I have always read your comments when i notice you have posted and respect for what you say and up until now agreed with what you have said just like above , 
Apart for the last comment 

A massive improvment in all areas of the paints appearance can be achieved when hand working a vehicles paint , just like Aston martin , show cars and heavily orange peeled cars from the factory .

Tell hot rod builders and show cars who have had thousands of pounds of house of colour paint and air brushed art work all over their cars , that when the paint shop finishes the car by wet sanding the top coat to give the best finish "its a waist of time".

There is a place for everything really , you may as well say machine correction is risky (which it can be to the untrained) and i waist of time then , and no doubt alot of the public do as they dont get detailing at all .

You are more than welcome to come and see my car or a customers car if you think its just pretty pictures 

Kelly


----------



## rapidseven (Apr 26, 2007)

james b said:


> Your obviously an expert (an armchair one at least) and know every thing about nothing
> 
> For one he has not achieved anything by the looks of it, the Orange peel effect is still present, he has not showen the final finish in direct light (as he has the befores)
> 
> ...


I never mentioned anything about the quality of the OP's work, nor weather its right or wrong. Im defending him because he's actually showing people a comparison.

As for being an " expert ", armchair or not. I couldnt give a monkeys ball sack what you think, nor am I going to justify myself, because I don't need to, nor do I want to in a forum of " experts ".

All im saying, is a least give the OP a break ffs.


----------



## Kelly @ KDS (Aug 4, 2008)

james b said:


> Your obviously an expert (an armchair one at least) and know every thing about nothing
> 
> For one he has not achieved anything by the looks of it, the Orange peel effect is still present, he has not showen the final finish in direct light (as he has the befores)
> 
> ...


What he said above is spot on :lol:

Even thou i slightly disagreed on the last post 

All i am trying to do is warn members that is not as straight forward as it seems and praised him for having a go at helping and showing members .

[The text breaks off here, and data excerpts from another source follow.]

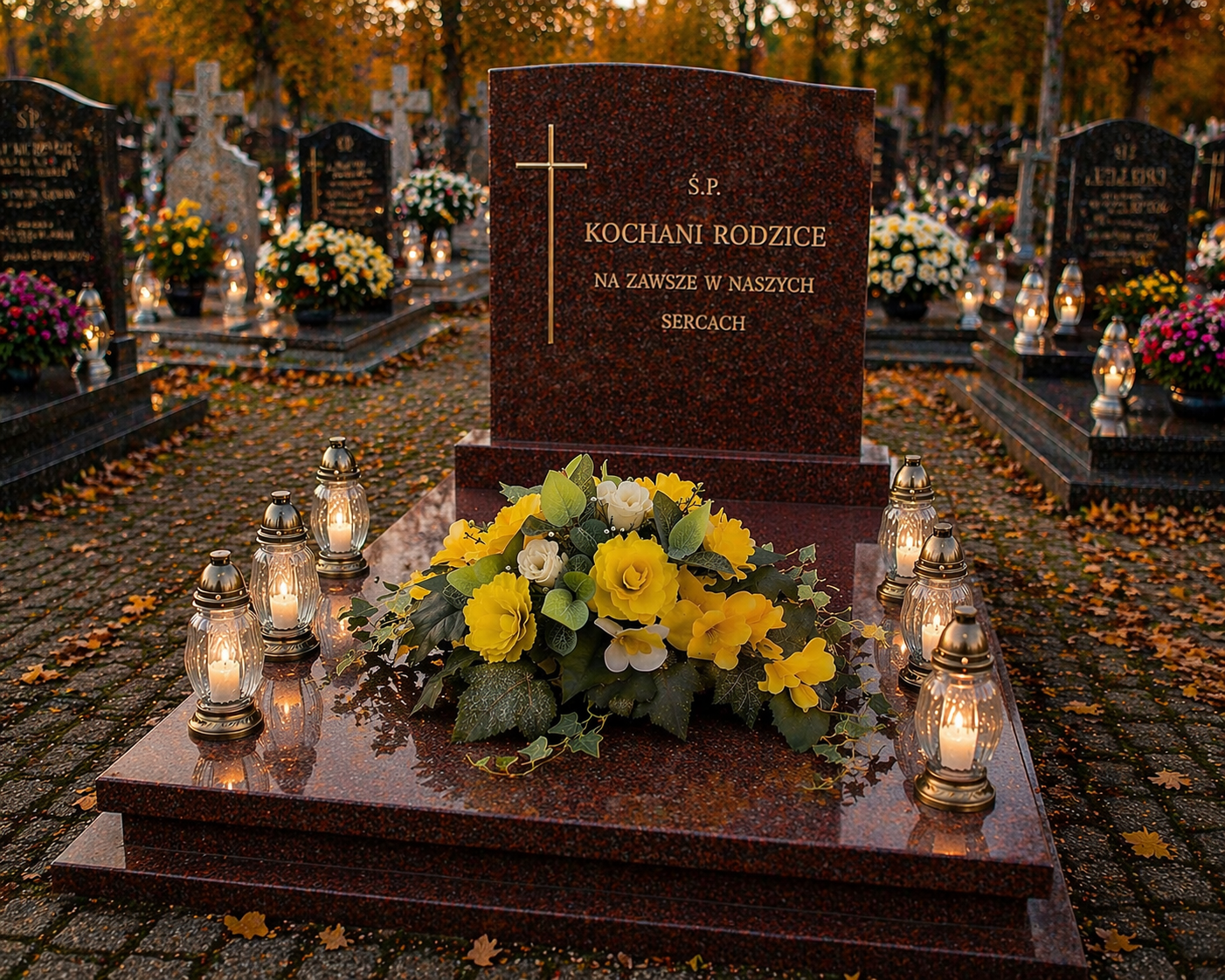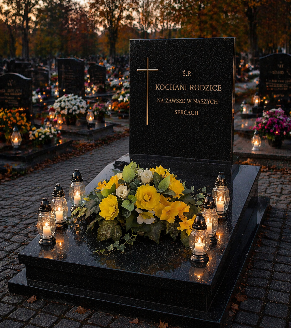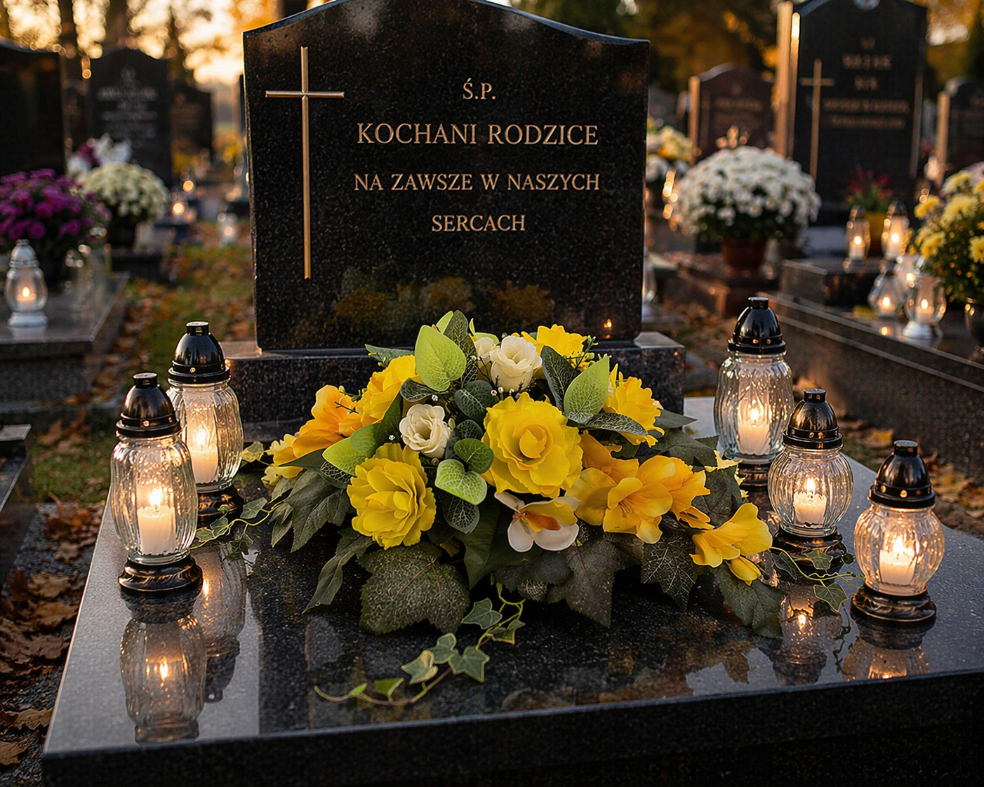 Dekoracja przeznaczona na Wszystkich Świętych, rocznice, urodziny i inne ważne okazje, by uczcić pamięć zmarłych w sposób pełen godności i piękna.
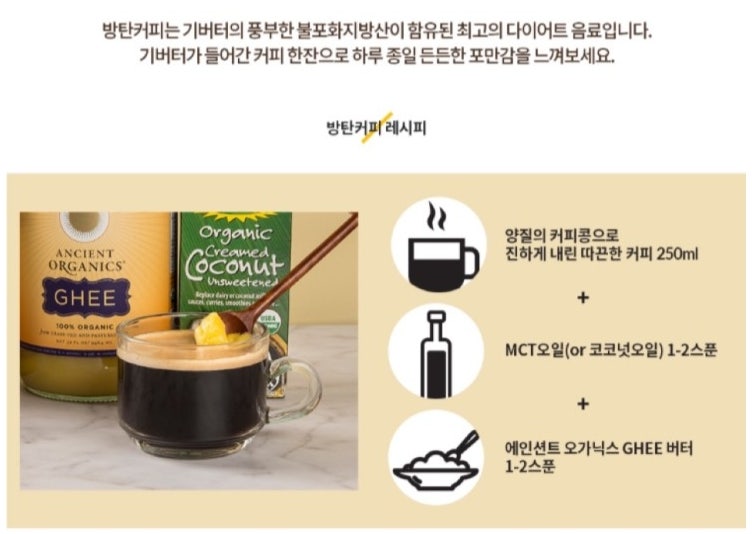 레시피는 놀라울 정도로 간단하다. 블랙커피 한 잔에 기버터 1큰술(약 15g)을 넣고, 가능하다면 MCT 오일 1큰술을 추가한다.
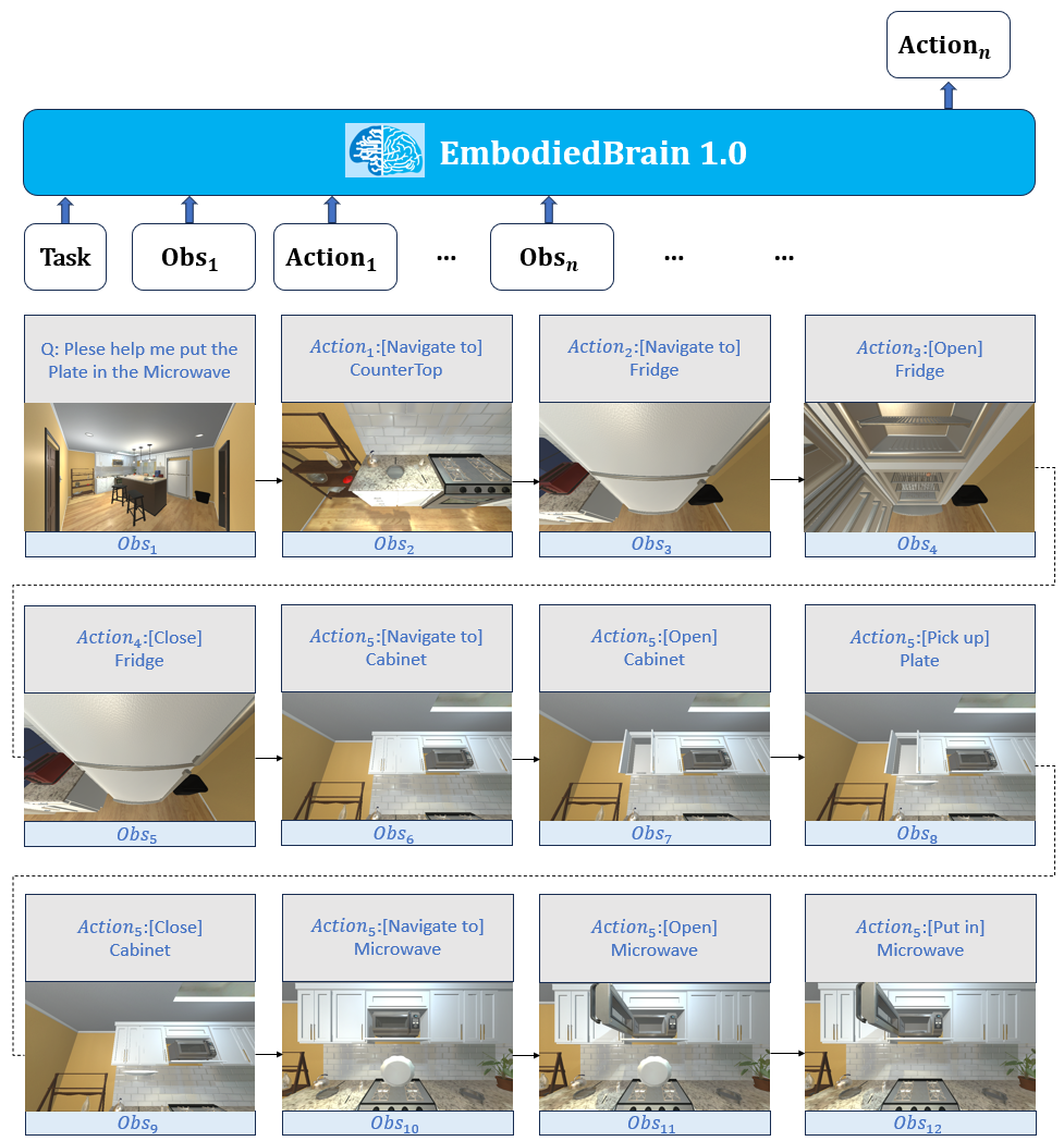 图 3:EmbodiedBrain 实时规划能力展示:“在开放的厨房中找到盘子并放入微波炉”
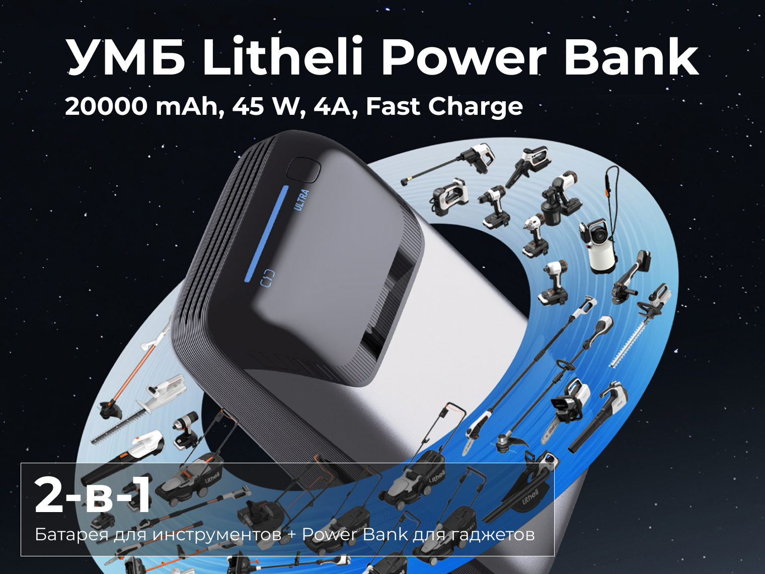 Павербанк Litheli U20 Ultra 4.0 Ah создан как универсальный источник энергии для поездок, работы или дома. Мощность 45 Вт обеспечивает быструю зарядку через порт USB-C не только телефонов, но и ноутбуков. Помимо питания гаджетов, устройство используется как полноценная батарея для инструментов: его можно вставить напрямую в любой прибор линейки Litheli U20.

I have replied to the post due the the hugh number of emails and requests for wet sand details prices without even knowing the vehcile , let alone inspecting the car and paint depth .

I had a customer with 2 of his friends one saturday for 6 HOURS explaining all about wet sand and inspecting their cars of which none of them would of gained much for the process due to colour and that the paint depth was boarderline too . 
Now the full wet sand detail was too expensive for him in one go and it did not matter how much i tried to explain his yellow e36 M3 would never look like my car . 
He asked to book in for detail now and six months later for the wet sand to spread the cost , so i guessed i had wasted 6 hours of my time as somehow he though the wet sand came after machine correction and lsp 

I decided from then on not to push the wet sand details at all , and only with the correct conditions on the car , and a customer that fully understands the process and after care .

I spend alot of time explaining to each customer why they can not have a wet sand detail , that its sometimes not worth the hastle .

Kelly


----------



## Auto Finesse (Jan 10, 2007)

The thing is, unless a car is suffering from a bad case of orange peel and the owner simply cant stand it, i dont really see the point in the time effort, risk and cost involved (and i offer full wet sand details) there is risk as you know and it far exceeds the risk involved in polishing, as with polishing at least you can stop if needs be, with sanding you have no choice but to remove more via polishing to refine the finish.

I feel if the paint is a good (or an acceptable) flat finish, then what is the advantage of fully sanding the paint work, unnecessary risk.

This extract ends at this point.